Hukum Transplantasi Organ Tubuh Orang Hidup atau yang Sudah Mati

Segala puja dan puji hanya milik Allah. Shalawat dan salam semoga tercurah kepada penghulu kita Nabi Muhammad Shallallahu ‘alayhi wasallam sebagai penutup para nabi, juga kepada keluarga dan para shahabat beliau.
Amma ba’ad.
Keputusan no (1) d 4/08/88
Bahwa sidang Dewan Fiqih Islam yang diselenggarakan pada sesi muktamarnya ke-4 yang diadakan di kota Jeddah, Kerajaan Arab Saudi yang diselenggarakan pada tanggal 18-23 Jumadats-Tsaniyah, tahun 1408H. Bertepatan dengan tanggal 6-11 Februari, tahun 1988M.

Setelah memperhatikan dengan seksama kajian-kajian fiqih dan medis yang diajukan kepada Dewan mengenai permasalahn ‘hukum menggunakan bagian anggota tubuh orang lain, baik yang masih hidup maupun yang sudah meninggal’.

Dengan mengacu pada beragam diskusi yang mengarahkan pandangan bahwa permasalahan ini merupakan hal yang riil terjadi, dan menjadi konsekuensi dari kemajuan pengetahuan dan kedokteran.

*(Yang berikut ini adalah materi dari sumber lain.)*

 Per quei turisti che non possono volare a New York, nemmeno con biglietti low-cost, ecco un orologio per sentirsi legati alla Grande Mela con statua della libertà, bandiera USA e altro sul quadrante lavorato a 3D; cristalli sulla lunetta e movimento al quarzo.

Berbagai hasil yang positif lagi bermanfaat juga telah tampak, di samping juga tak jarang hasilnya bercampur dengan kegundahan yang mengganggu jiwa dan masyarakat yang muncul akibat praktik yang mengabaikan berbagai norma dan batasan syari’at, yang merupakan piranti untuk menjaga kehormatan manusia. Tentunya dengan mempraktikkan maqashid syari’ah Islam yang menjamin terealisasinya setiap kebaikan dan maslahat yang begitu berharga bagi individu maupun kelompok, yang menyerukan pada nilai saling menolong, menyayangi dan mementingkan kepentingan orang lain (itsar).

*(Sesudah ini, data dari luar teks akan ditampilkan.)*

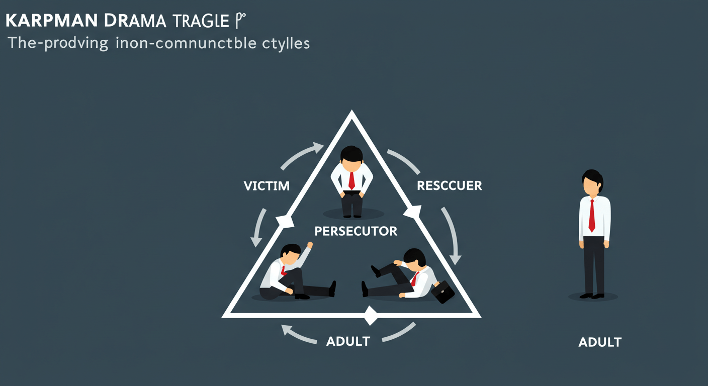 • 結果: リーダーは「救済者」として一時的に自己満足を得ますが、部下は「無能な被害者」としての役割を強化し、自律的な解決能力を失います。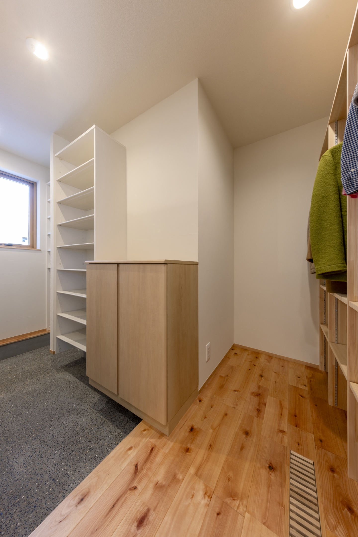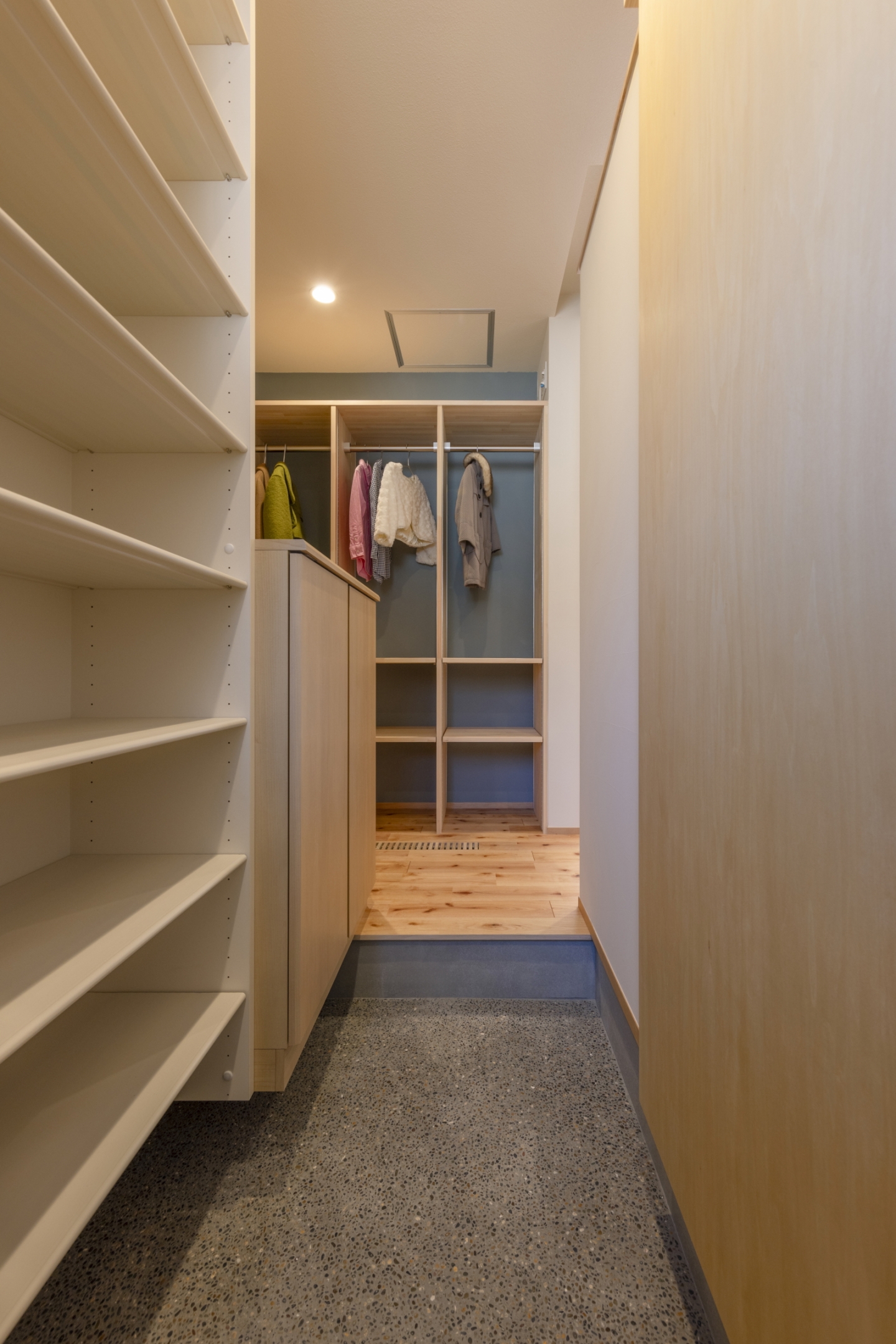 2way動線の玄関には、ファミリーロッカーを設置。帰宅後すぐに上着やバッグをしまえてスッキリ片付くので、来客時も友人を気持ちよく迎え入れることができる玄関になりました。

Setelah membatasi masalah ini dalam poin-poin yang menjadi objek pengkajian, dan telah dirumuskan rapi klasifikasi, bentuk, dan kondisinya, di mana hukum yang ada akan berbeda-beda sesuai dengan pertimbangan hal-hal di atas.

Dewan Memutuskan Hal Berikut ini:
Ditinjau dari sisi definisi dan pembagiannya:

Pertama, yang dimaksud dengan anggota tubuh adalah bagian anggota tubuh manusia manapaun, baik berupa jaringan otot, sel, darah, dan yang lainnya, seperti kornea mata. Baik anggota tubuh yang menempel maupun yang terpisah.

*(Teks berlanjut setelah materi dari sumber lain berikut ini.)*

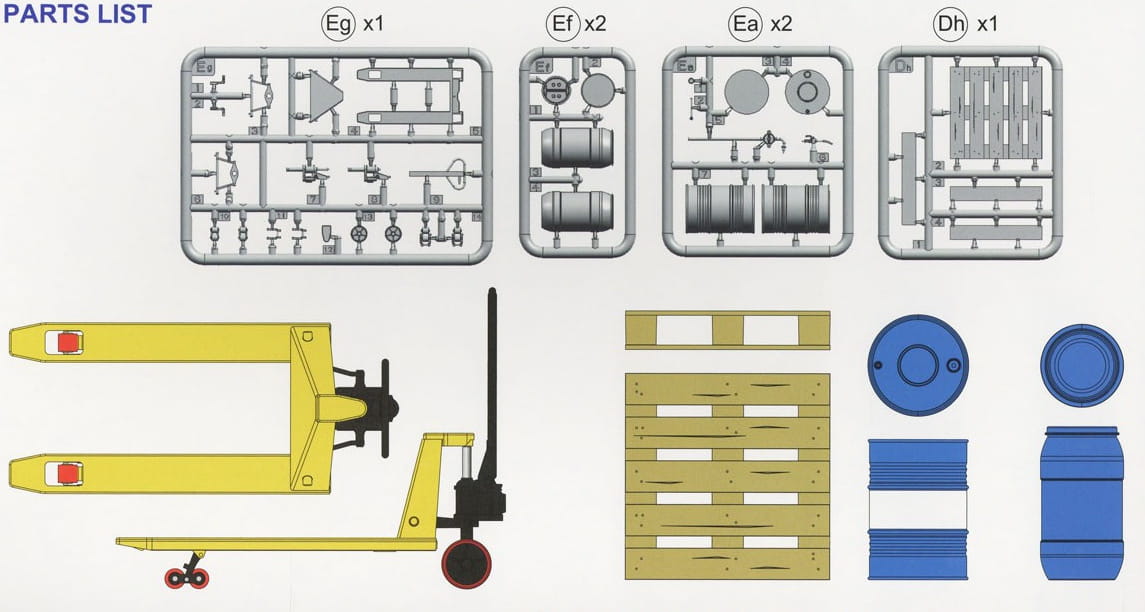 Zestaw plastikowy do sklejania zawierający wózek paletowy wraz z paletami i beczkami.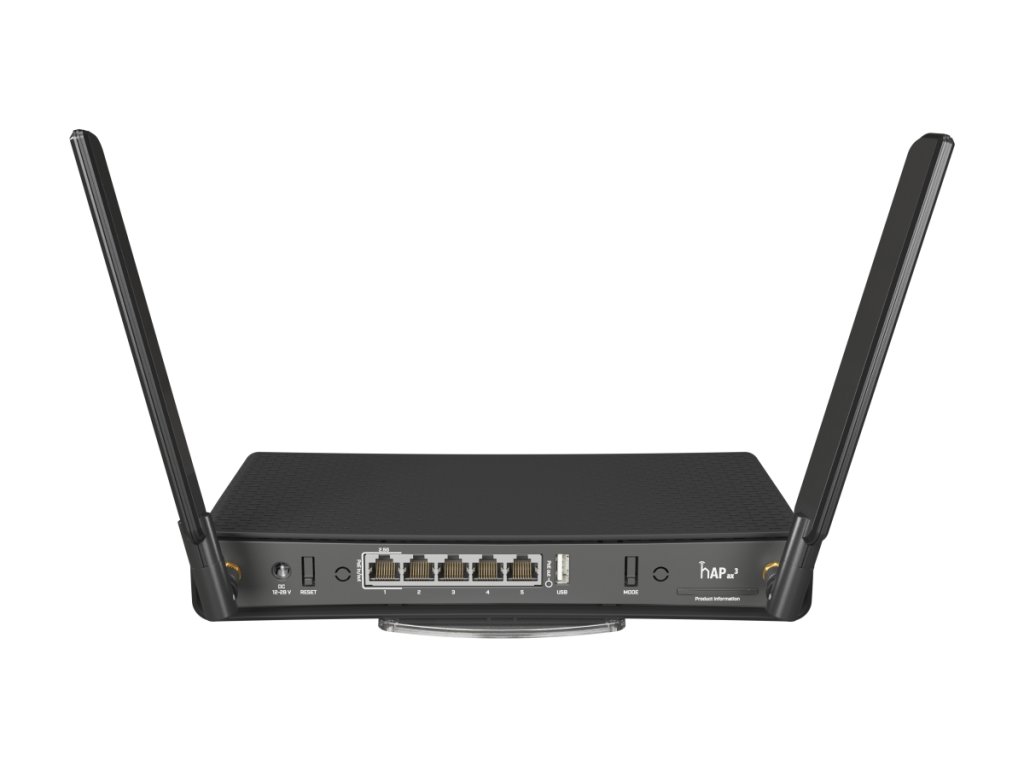 Dual Band WiFi router od mikrotik s ozačením Hap ax3 prípadne C53UiG+5HPaxD2HPaxD v desktop prevedení s 2 externými rádiovými časťami s podporou 802.11a/b/g/n/ac/ax umožňujúce súčasnú prevádzku v oboch pásmach.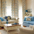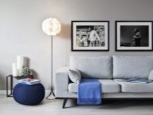 - Blue and blue in the interior are perfectly combined with white and gray. You can also add sun colors by diluting cold shades with yellow or green.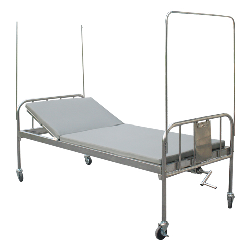 Giường y tế khung Inox, phần đầu giường có thể nâng hạ bằng cơ cấu tay quay, chân có bánh xe.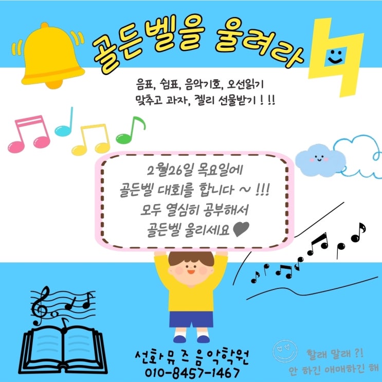 안녕하세요, 선화뮤즈음악학원입니다 이번 2월, 우리 학원에서 특별한 이벤트를 준비했어요! 바로 "골든벨을 울려라!" 대회입니다 어떤 대회인가요? 음표, 쉼표, 음악기호, 오선읽기 등 음악 이론 지식을 겨루는 퀴즈 대회예요. 정답을 맞추면 과자와 젤리 선물도 받을 수 있답니다! 단순한 퀴즈가 아니라, 평소 수업 시간에 꼼꼼히 배워온 음악 기초 지식을 확인하는 소중한 시간이에요. 연습의 결실을 확인하고, 성취감과 자신감을 동시에 키울 수 있는 자리입니다 ✨ 대회 일정 일시: 2026년 2월 26일 (목요일) 장소: 선화뮤즈음악학원 선화뮤즈음악학원은요 선화뮤즈음악학원은 단순한 연주 기....... <img src="https://blogthumb.pstatic.net/MjAyNjAyMjBfNzMg/MDAxNzcxNTQ3OTMzMDQ1.Tr5Zt7oGo1qBrikP3udoBGPnID8z2wYns-RqqPp8IBog.Po5uV5IsiV8vzJakmm4hqg4arHQjWvihHyHlVmfVDy0g.JPEG/IMG_9872.jpeg?type=s3" />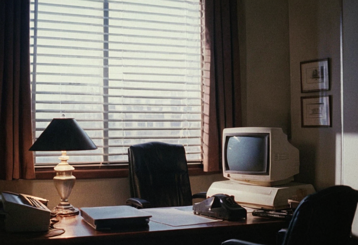 analog film photo XFiles, office, vintage computer, lamp, indoors, window, blinds . faded film, desaturated, 35mm photo, grainy, vignette, vintage, Kodachrome, Lomography, stained, highly detailed, found footage

Kedua, upaya pemanfaatan yang menjadi materi pembahasan di sini adalah pengambilan manfaat yang memang sangat dibutuhkan seseorang untuk menyambung kehidupannya atau untuk menjaga fungsi vital dari salah satu anggota tubuhnya seperti penglihatan dan semisalnya. Ini dengan catatan bahwa orang yang akan mengambil manfaat tersebut berpola hidup mulia secara syar’i.
Ketiga, ada beberapa macam bentuk pengambilan manfaat anggota tubuh:
1.    Pemindahan anggota tubuh (transplantasi) dari orang yang masih hidup.
2.    Pemindahan anggota tubuh dari orang yang sudah mati.
3.    Pemindahan dari janin.

Bentuk pertama: Yaitu pemindahan anggota tubuh dari orang yang masih hidup.
Hal itu mencakup kondisi berikut:
a.    Pemindahan anggota tubuh dari satu tempat ke tempat yang lain pada satu tubuh. Misalnya pemindahan kulit, tulang rawan, tulang, pembuluh darah, dan yang lainnya.
b.    Pemindahan bagian anggota tubuh orang yang masih hidup kepada orang lain. Bagian tersebut ada hal yang apabila dipindahkan akan menyebabkan kematian dan ada yang tidak menyebabkan kematian.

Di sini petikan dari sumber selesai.